OpenBSD Journal

IEEE Begins Standard to Create Baseline for More Security

Contributed by jose on from the standards- dept.

Charles Hill writes: "The ability to enhance security in information systems and networks is limited by the operating systems that underpin them. Recognizing this, the Institute of Electrical and Electronics Engineers (IEEE) has begun work on a standard to formulate consistent baseline security requirements for general-purpose (GP), commercial, off-the-shelf (COTS) operating systems.

Businesswire story

This sounds like a baseline standard, a step below the Common Criteria (CCEVS). Well, a non-governmental standard anyway."

People have been trying to do this for a long time, but it's plauged by he complexity of the situation and the dynamicism of industry. We'll see what comes of this, but remember what happened to the Rainbow books and the Common Criteria.

(Comments are closed)


Comments
  1. By Anonymous Coward () on

    I hope this isn't just going to be a 'standard' where 'lots of money' is the baseline criteria for claiming complience.

  2. By Anonymous Coward () on

    This is stupid, just as all the other "security" certifications and whatnot are. It's an "information security" mantra that you can't bolt on security so why/how would another worthless "certification" be effective?

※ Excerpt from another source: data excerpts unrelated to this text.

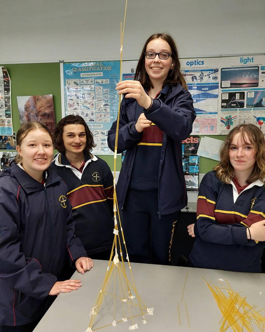 Having completed their Semester One exams, Damascus College Year 10 students were challenged to build the tallest and strongest tower possible out of just masking tape and spaghetti.
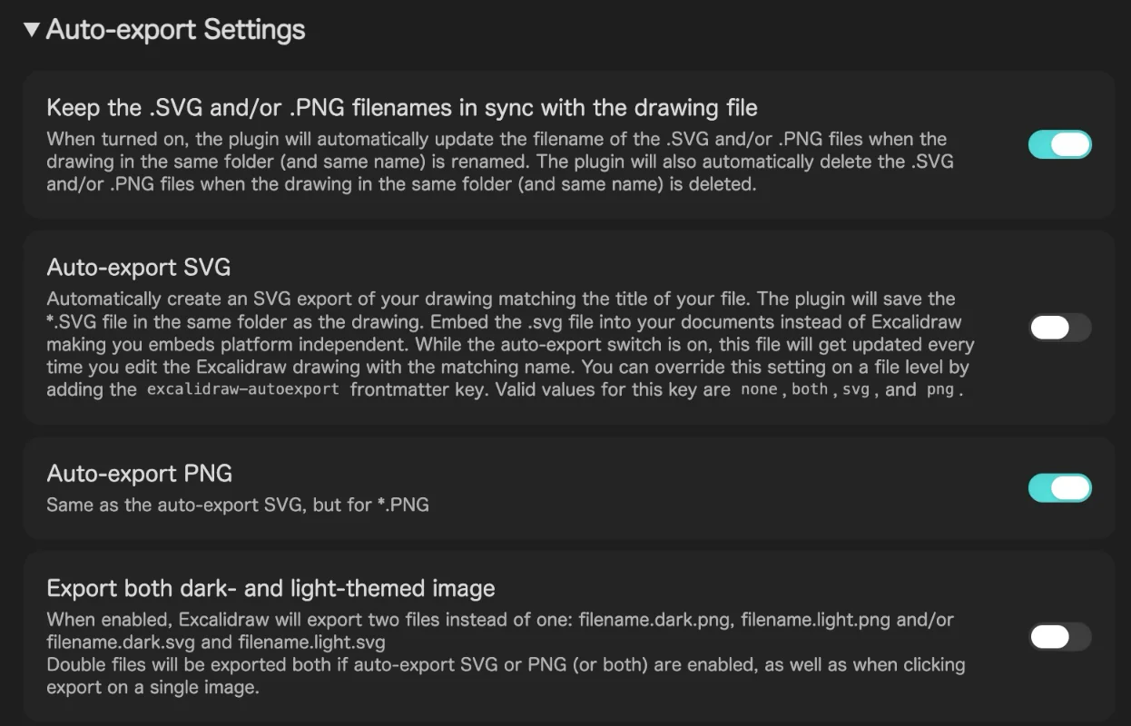 専甚ファむルが生成されるので汎甚ファむルが売りのObsidianの思想ず反するようだが、PNG出力にするずPNG画像䜜成プラグむンずしお汎甚性を保぀こずができる。sceneを埋め蟌むオプションをオンにするずPNGからExcalidrawのファむルを埩元するこずもできる。
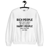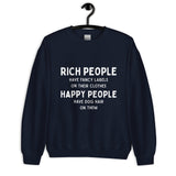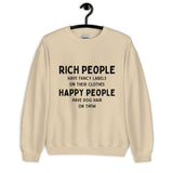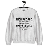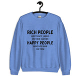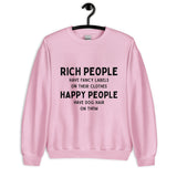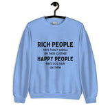 Show off what really matters with this unisex sweatshirt featuring Rich People Have Fancy Labels on Their Clothes, Happy People Have Dog Hair on Them. Soft, warm, and perfect for dog lovers who prefer joy over luxury. Great for casual wear, cozy days, or gifting to anyone whose life (and clothes) are proudly covered in fur.
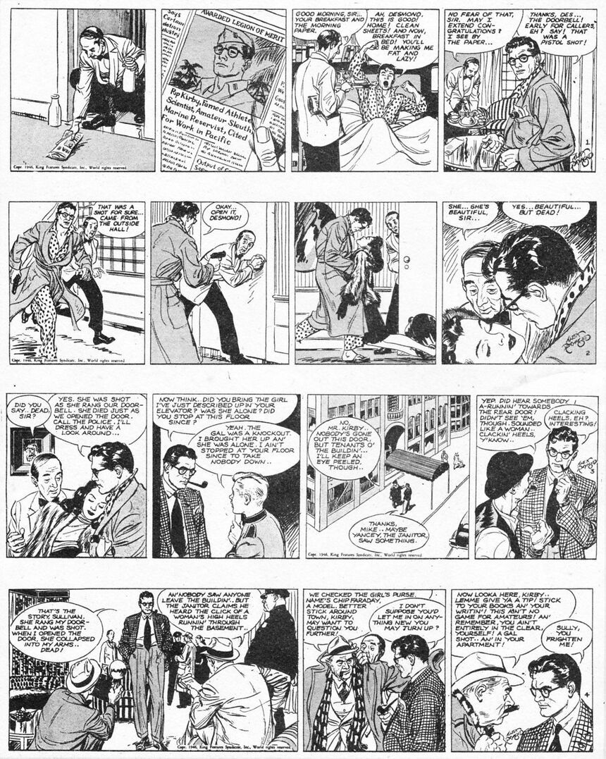 Rip Kirby was Raymond’s return to comics after WWII, with the door opening on March 4, 1946.
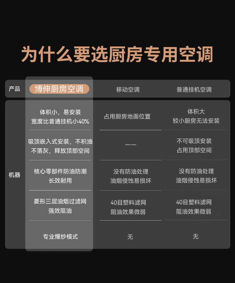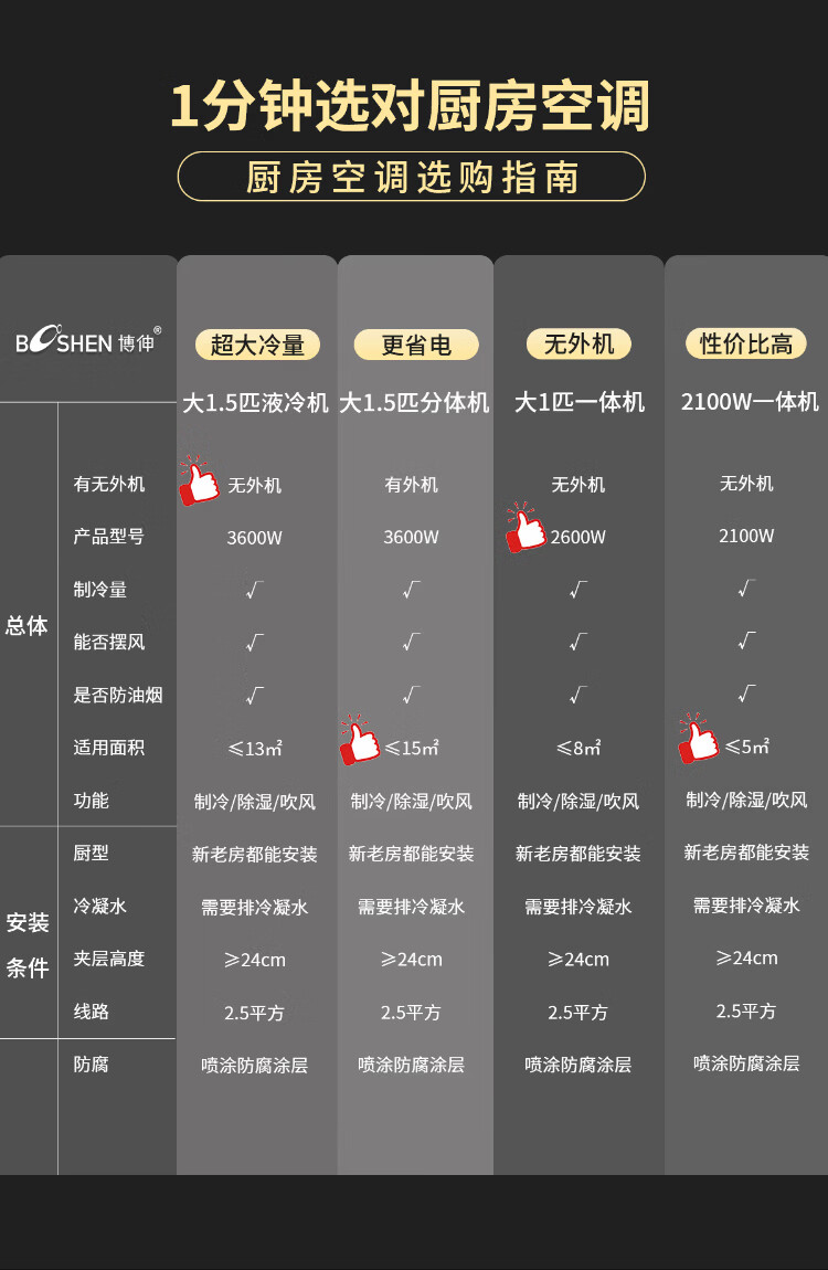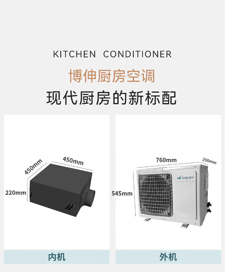 Boshen kitchen air conditioner forced cooling large cooling capacity embedded refrigerator ceiling split type home kitchen special air conditioner large 1.5 HP COOL home series

    Would Windows suddently become secure? Would worms stop working? Viruses fail? Would programmers the world over suddenly stop writing exploitable code because someone said "don't write exploitable code"?

    I think not.

    The first step in secure OS's it to fire the hype spewing marketing types who drive needless feature development on timetables that are inpossible to meet without cutting corners.

    You don't seen that type of marketing with OpenBSD, do you? And look at the OpenBSD errata versus the now marketing drive Red Hat.

    Security standards are a joke and defy even their own logic.

    Comments
    1. By Anonymous Coward () on


      And have you heard of these IEEE POSIX standards ? What a joke are they ? Who needs "standards compliant" ? Everybody knows that the mantra of interoperability is untrue. No one has ever benefited this so called portability. What a load a crap. Look at OpenBSD - it doesn't care about POSIX does it ? Who needs it! OpenBSD and all O/S's can survive without it.

      (sarcasm)

      Get real. A lot of IEEE standards are very effective for what they do - and if this is executed by the right people and taken the right direction, then it could be as well. No standard is going to be a silver bullet for security - but at least it may contribute to raising the bar.


  3. By tedu () on

    in RFC format:

    PASSWORDS:
    The secure system MUST have passwords. They SHOULD be hard to crack. Easy to crack passwords SHOULD be identified as such.

    VIRUSES:
    The secure system MAY NOT transmit virueses. As an OPTIONAL extension, it MAY quarantine them.

    PR0N:
    Viewing of pr0n SHOULD be restricted. Users MUST be 18 years old.

    Comments
    1. By Anonymous Coward () on

      VIRUSES: The secure system MAY NOT transmit virueses. What about on Tuesdays?

    2. By Anonymous Coward () on

      LOL!!!

  4. By butthead () nope@nodda.not on mailto:nope@nodda.not

    They can just create a page that says "See OpenBSD.".